I feel like the fetishization of the "job" is detrimental to society and individuals. I've been in a situation where I could really quickly develop automation that would replace a team of 15 people hammering on spreadsheets all day. The project was canned because we didn't want to put 15 people out of work. The way I see it, there were some distinct outcomes for possible decisions:

1: The automation project is canned. Nothing changes.

2: I get the automation done, 15 people are out of jobs. They have to seek new employment, or otherwise find out what to do with their lives. They are displaced in an unpleasant way, and the lives of many of them may be heavily damaged for at least the short term. The company saves over a million dollars a year.

3: I get the automation done, the company re-tasks the workers to other parts of the company. They aren't out of jobs, but they have to adjust and re-train and learn new things. Some are happy, most are annoyed, but nobody is seriously hurt. Some people are unable to adjust and maybe eventually get let go.

4: The automation is done, and the company continues paying the employees who now are being paid to do nothing at all. They can relax, or work on hobbies, or whatever they like.

The interesting part for me is that 2 has the greatest advantage for the company, 3 is a good compromise, 4 is the best scenario for the employees without even harming the company more than the cost of my time (which isn't really all that expensive in the big term; less than a day's pay for all the employees together), and 1 is the worst case scenario for everybody, but they chose 1 because the "job" is sacred. 1 and 4 are nearly the same from the perspective of the company, so rather than improving anything, they choose to be inefficient, wasteful welfare.

People want welfare to exist, but they don't like the idea of "freeloaders", so they force people to do useless, Sisyphean work. It's extraordinarily wasteful.

Maybe life could be better for everybody if losing your job couldn't completely destroy your life.
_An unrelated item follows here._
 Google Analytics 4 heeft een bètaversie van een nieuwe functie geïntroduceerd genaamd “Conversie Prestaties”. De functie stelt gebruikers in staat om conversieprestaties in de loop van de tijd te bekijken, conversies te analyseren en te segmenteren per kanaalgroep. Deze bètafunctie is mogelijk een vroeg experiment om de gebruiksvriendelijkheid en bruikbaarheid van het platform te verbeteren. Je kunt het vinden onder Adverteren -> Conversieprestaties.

We could automate things and improve things faster without having to hold back progress because "people could lose their jobs", we could dismantle destructive industries that currently are kept afloat because "Hey, that's 80 thousand jobs!" People could leave jobs that they feel are ethically wrong, rather than being trapped into doing something they think is evil because they need to feed their families.

wccrawford · on June 7, 2022

>4: The automation is done, and the company continues paying the employees who now are being paid to do nothing at all. They can relax, or work on hobbies, or whatever they like.
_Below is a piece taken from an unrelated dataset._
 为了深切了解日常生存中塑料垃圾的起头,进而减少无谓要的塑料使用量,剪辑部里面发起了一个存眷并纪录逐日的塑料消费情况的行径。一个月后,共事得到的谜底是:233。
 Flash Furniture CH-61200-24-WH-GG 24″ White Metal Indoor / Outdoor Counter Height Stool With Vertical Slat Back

I'm not sure this is a great outcome. It soft-locks them into their current position without any great motivation to better themselves. It also creates resentment in those around them. When the company does eventually let them go, only the most forward-thinking will still have useful job skills and can find another job.
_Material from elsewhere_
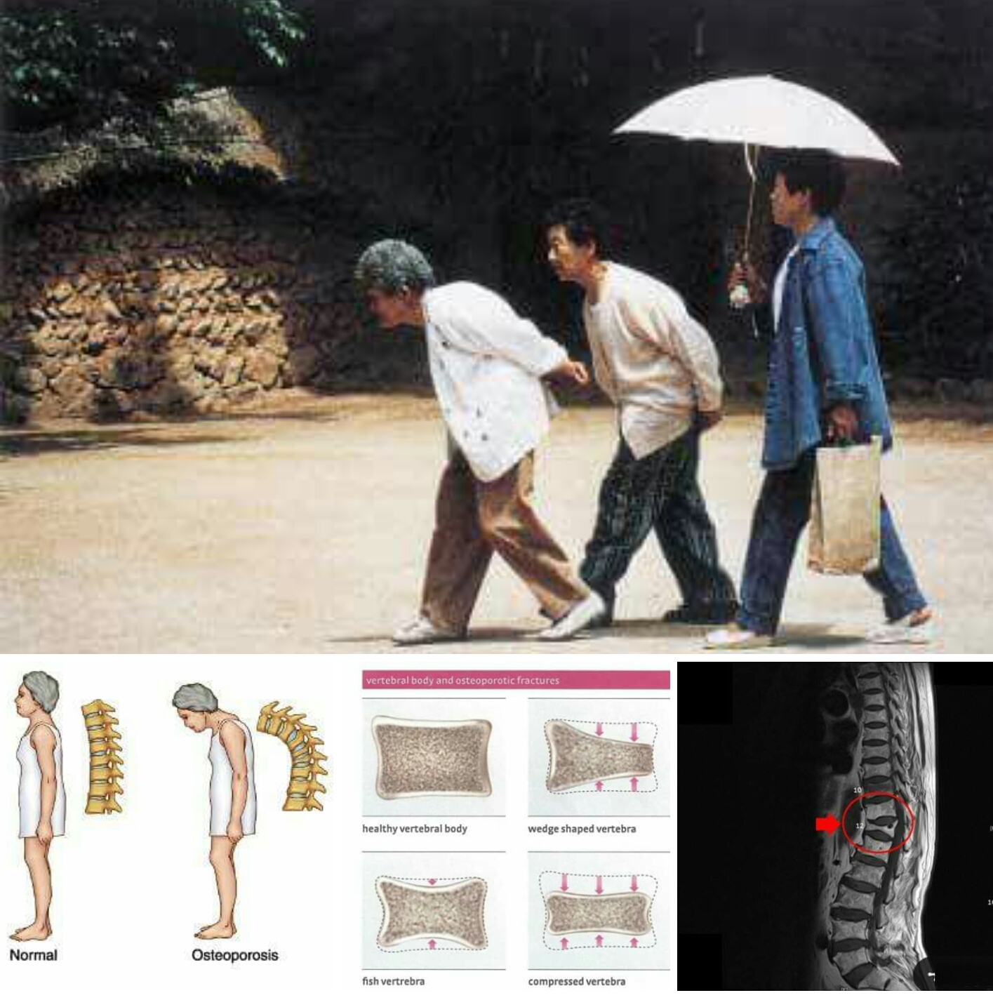 정확한 이름은 노인성척추후만증입니다. 이것은 나이가 들면서 허리가 굽어 등이 많이 튀어나온 상태를 말합니다. 우리가 흔히 '꼬부랑 할머니'라 말하는 상태입니다.

Sure, they could quit or request a different job, but how many people can recognize those mental problems coming ahead of time and avoid it? Most people are going to be fat and happy and do nothing to get ahead. I don't even blame them. It'd be incredibly tempting for me, too. In fact, since I've been at this company so long and basically stopped growing, I kind of already have fallen into that trap. It's a pretty comfy trap since I like my work and I get paid pretty well for it. It's just not forward-looking at all.

Firmwarrior · on June 7, 2022

Tangential: It looks to me like you've got some impostor syndrome creeping up on you. IMO you should do some game modding or addon development. It's a piece of cake, you'll look like a genius to your gaming buddies, and you'll have fun in the process

UnpossibleJim · on June 7, 2022

I mean this is the idea of Universal Basic Income, but with that also comes it's own set of problems.

[1] Who, then, programs and builds the next generation of automation... innovation would have to continue. These people would still go in for the grind, I guess it would be for more money but at some point would the tiered tax rates make it worth it?

[2] This would only be for certain sectors of jobs. Waitstaff is still going to exist, and a whole realm of the service industry. This would just lead to an exploited workforce, or striated (more striated) population filled in by immigrant labor and other "invisible" labor groups.

[3] Our dependence on machine infrastructure becomes ultimately vulnerable to attack from foreign intelligence and private actors and we are far from able to defend against it.

EDIT:

for the record, I have argued for UBI and am not against it in the past. I am still for it but not on a huge scale. The UBI that I have argued for would be a $1000/month UBI. This would be a replacement/supplement for SSI, disability, childcare tax credit, school supplies, food stamps, etc. It is not enough to live on but a support system for emergencies and savings.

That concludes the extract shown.